Bir şeyleri çok istemek veya ciddi bir risk taşıyor olmak çoğu kez zihinsel körlük yaratarak gerçekçi olmayı engelleyebiliyor. Geride bıraktığımız hafta genelinde küresel ölçekte yaşanan gelişmeler ve piyasa eğilimleri söz konusu durum nedeniyle sağlıklı düşünmeyi engelleyebilir; beklentileri yönlendirme amacı ile öne sürülen değerlendirmeler bu olumsuzluğu iyice pekiştirebilir.
Finansal piyasalar ABD ekonomisine ilişkin bütçe anlaşmazlığı ve borç tavanı sorununu, nasıl olsa bir şekilde aşılır düşüncesi ile fiyatlamamışlardı. Düşünüldüğü gibi sorun çözülmedi fakat kısa vadeli rahatlama yaratacak geçici bir uzlaşı gerçekleşti; sanki bir sürpriz olmuş gibi fiyat hareketleri yaşandı.

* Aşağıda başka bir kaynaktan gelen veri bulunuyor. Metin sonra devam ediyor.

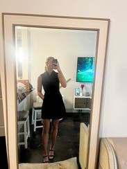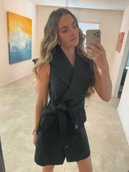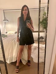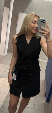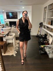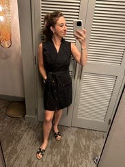 Great dress for a work conference. Flattering with the open neckline and cinched waist-tie. Love a classic black dress and the buttons & angles kept it a bit more dynamic. Thicker material so didn’t wrinkle throughout the day. Loved the length and fit of the top. Would definitely rent again

Dolar diğer tüm paralara karşı kısmen değer kaybetti, sermaye ve emtia piyasaları son haftalardaki kayıplarını geri aldı, tahvil faizleri cüzi miktarda geriledi. Bu aşamada sormak gerekiyor her şey yeniden normalleşmeye başladı mı? Risk alma isteği artacak ve sermaye yeniden gelişmekte olan ekonomilere akacak mı? Yukarıdaki sorulara verilebilecek yanıt hayırdır fakat piyasalar cevap evetmiş gibi fiyatlama yapabilir. Bu tuhaflığa aldananlar, fırsatla tehlikeyi karıştırıp içinden çıkamayacakları bir açmaza düşebilir veya mevcut sorunlarını iyice ağırlaştırabilir.

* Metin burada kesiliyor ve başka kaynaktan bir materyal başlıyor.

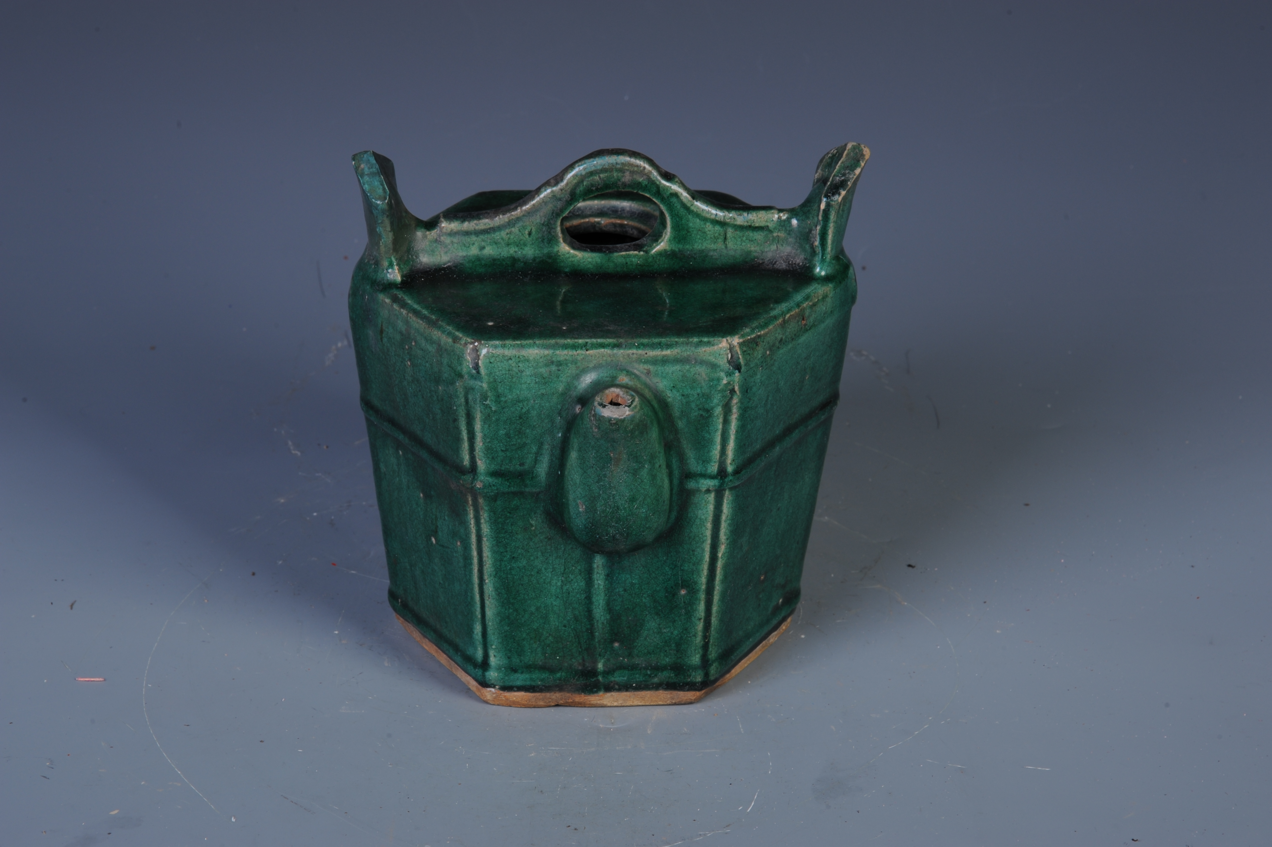 中华民国石湾窑绿釉六角提梁壶

Her şeyden önce hiç unutulmaması ve akıldan çıkarılmaması gereken temel verileri hatırlayalım. Mevcut eğilimler kesinlikle sürdürülebilir değil, rekabet koşulları olumsuzlaşıyor ve durgunlaşma riski artmaya devam ediyor. Gelişmekte olan ekonomiler son on yılda olduğu gibi tekrar ilgi odağı olamayacak, böyle bir zorlama olur ise enflasyon baskıları kontrolsüz bir şekilde artabilir.
ABD ekonomisinde maliye ve para politikası uygulamalarındaki büyüyen sorun kesinlikle çözülmedi; diğer gelişmiş ekonomilerde herhangi bir olumlu değişim yaşanmadı. Yılın son çeyrek döneminde piyasalardaki işlem hacimleri daralır ve fiyat oynaklığı artar, bu durum daha dikkatli olmayı gerektirir. Birilerinin bilanço makyajı amacı ile olumlu eğilim yaratma çabası, risklerini azaltmak isteyenler açısından bir daha rastlanması zor ve eşsiz bir fırsat yaratabilir. Böylesi bir karambolde spekülatif kazanç yaratmaya veya bilanço makyajı yapmaya çalışmak her zamankinden daha tehlikelidir.
Mevcut koşullarda piyasa eğilimlerine kısa vadeli bir bakış açısı ile yaklaşmak büyüyen tehlikenin fırsat olarak algılanmasına yol açabilir. Türev piyasalardaki eğilimlere göre şekillenen fiyatlar, risk alma isteğinin arttığına işaret etse bile gerçekte bunu destekleyecek sermaye hareketleri yaşanmayabilir. Doların değer kaybı dolar cinsi yatırımdan kaçınma eğiliminin arttığını düşündürebilir fakat bu durum gelişmekte olan ekonomilere ilginin artacağı anlamına gelmeyebilir. Basit genelleme ve şartlanmalardan kaçınmak, piyasa eğilimlerine gereğinden fazla itibar etmemek yararlı olabilir. Zira koşullar ava gidenin av olma ihtimalinin çok yükseldiğini söylüyor.